Question: How do I generate the right content for all the pages?

Answer:  Steal it.
I offer no apologies in making this statement however, I will explain. These days, time can be your biggest ally or biggest threat. The sooner you can present your idea to the market and back it up with real marketing, the sooner you will begin to profit from it.

Visit other websites that are similar in concept either whole or in part and shares the same business theme as the one you are considering to build.

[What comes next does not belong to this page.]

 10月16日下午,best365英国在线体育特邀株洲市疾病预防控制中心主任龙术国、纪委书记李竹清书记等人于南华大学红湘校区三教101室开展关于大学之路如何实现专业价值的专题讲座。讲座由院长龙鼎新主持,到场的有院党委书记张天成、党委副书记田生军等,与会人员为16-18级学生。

•      Example: A chef interested in building a website may consider going to a graphic artist, poetic author, and a professional consultant’s page for contextual inspiration. These pages will have terms and phrases that perfectly encapsulate what you are trying to say. Copy the text into MS Word and modify it to talk about your product or service and push it back out. Plagiarism in wrong and you will go to hell for it, however, mimicry is the highest form of flattery.